Action item: Taking the entries below, transcribe only the lines starting with the one with "4、将沥水后的鸭舌放入碗中,加入15ml" and going on through the one with "Ornamento personalizado de", exactly as written, without the pictures.
━━━━━ Data ━━━━━
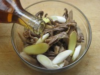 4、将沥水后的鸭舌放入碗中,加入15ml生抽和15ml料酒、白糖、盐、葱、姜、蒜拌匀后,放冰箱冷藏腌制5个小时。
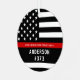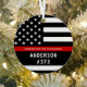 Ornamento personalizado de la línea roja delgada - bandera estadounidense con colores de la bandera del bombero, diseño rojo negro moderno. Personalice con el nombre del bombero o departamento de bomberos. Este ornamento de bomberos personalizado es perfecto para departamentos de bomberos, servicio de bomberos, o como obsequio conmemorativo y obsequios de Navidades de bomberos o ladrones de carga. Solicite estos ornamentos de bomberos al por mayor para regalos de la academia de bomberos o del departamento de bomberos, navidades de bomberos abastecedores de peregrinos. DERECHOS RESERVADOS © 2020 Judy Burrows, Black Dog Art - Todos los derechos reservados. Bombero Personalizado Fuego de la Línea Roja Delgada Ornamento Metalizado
━━━━━
━━━━━ Data ━━━━━
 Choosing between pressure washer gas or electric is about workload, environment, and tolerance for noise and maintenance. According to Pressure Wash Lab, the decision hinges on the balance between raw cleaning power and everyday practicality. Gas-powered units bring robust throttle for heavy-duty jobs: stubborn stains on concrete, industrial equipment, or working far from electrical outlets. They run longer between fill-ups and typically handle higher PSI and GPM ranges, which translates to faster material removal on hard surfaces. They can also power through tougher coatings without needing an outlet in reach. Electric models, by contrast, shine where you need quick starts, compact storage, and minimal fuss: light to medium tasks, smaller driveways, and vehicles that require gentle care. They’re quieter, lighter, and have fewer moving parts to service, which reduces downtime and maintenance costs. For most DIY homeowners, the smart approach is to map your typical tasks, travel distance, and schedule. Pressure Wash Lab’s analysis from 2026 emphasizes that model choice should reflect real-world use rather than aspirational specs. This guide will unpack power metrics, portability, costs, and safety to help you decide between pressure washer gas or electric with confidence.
━━━━━
Answer box:
 4、将沥水后的鸭舌放入碗中,加入15ml生抽和15ml料酒、白糖、盐、葱、姜、蒜拌匀后,放冰箱冷藏腌制5个小时。
 Ornamento personalizado de la línea roja delgada - bandera estadounidense con colores de la bandera del bombero, diseño rojo negro moderno. Personalice con el nombre del bombero o departamento de bomberos. Este ornamento de bomberos personalizado es perfecto para departamentos de bomberos, servicio de bomberos, o como obsequio conmemorativo y obsequios de Navidades de bomberos o ladrones de carga. Solicite estos ornamentos de bomberos al por mayor para regalos de la academia de bomberos o del departamento de bomberos, navidades de bomberos abastecedores de peregrinos. DERECHOS RESERVADOS © 2020 Judy Burrows, Black Dog Art - Todos los derechos reservados. Bombero Personalizado Fuego de la Línea Roja Delgada Ornamento Metalizado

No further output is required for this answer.